Eddie Lacy’s 2015 felt like a disaster while it was happening, and these numbers do nothing to dispel that notion. Lacy was a passable starter in just over half of his games, and he managed RB2 numbers barely over a quarter of the time. That said, Lacy was not terrible when he actually was given work. In the five games he carried the ball at least 15 times, Lacy had two elite performances and three RB1 weeks. He averaged 16.2 points in those contests. If he can earn the coaching staff’s trust by getting and staying in shape this offseason, it is possible Lacy takes on a more prominent role in the offense next season, especially if James Starks leaves in free agency. If he does, Lacy has all the makings of a post-hype sleeper.
Thomas Rawls’ overall numbers do not look terribly impressive, but he was very consistent as the lead back. In the six games he saw at least 15 carries, Rawls posted elite numbers in two games, RB1 numbers in three and RB2 numbers in four. Those percentages would put him right up with the elite backs of 2015. As long as the Seahawks do not add any competition this offseason, Rawls should enter 2016 as an entrenched RB1.

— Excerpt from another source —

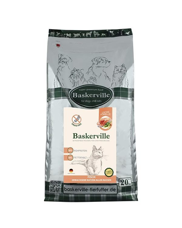 Склад: Лосось (6%), форель (4%), м’ясо домашньої птиці (10%), рибні та м’ясні субпродукти, олія та жири тваринного походження, сухі ягоди (суміш), пивні дріжджі, солодка картопля та картопляні пластівці, продукти переробки рослинного походження, вітаміни, мінерали та мікроелементи.

Dion Lewis’ size and injury history raise serious questions about his ability to stay healthy through a big workload, but there is little question about his effectiveness when on the field. Lewis posted RB1 numbers in 42.86 percent of his games last season, which was the sixth-best rate among the top-55 backs. He was RB2 worthy in over 70 percent of his games. Coming off ACL surgery, there is a reasonable chance Lewis is severely undervalued this summer.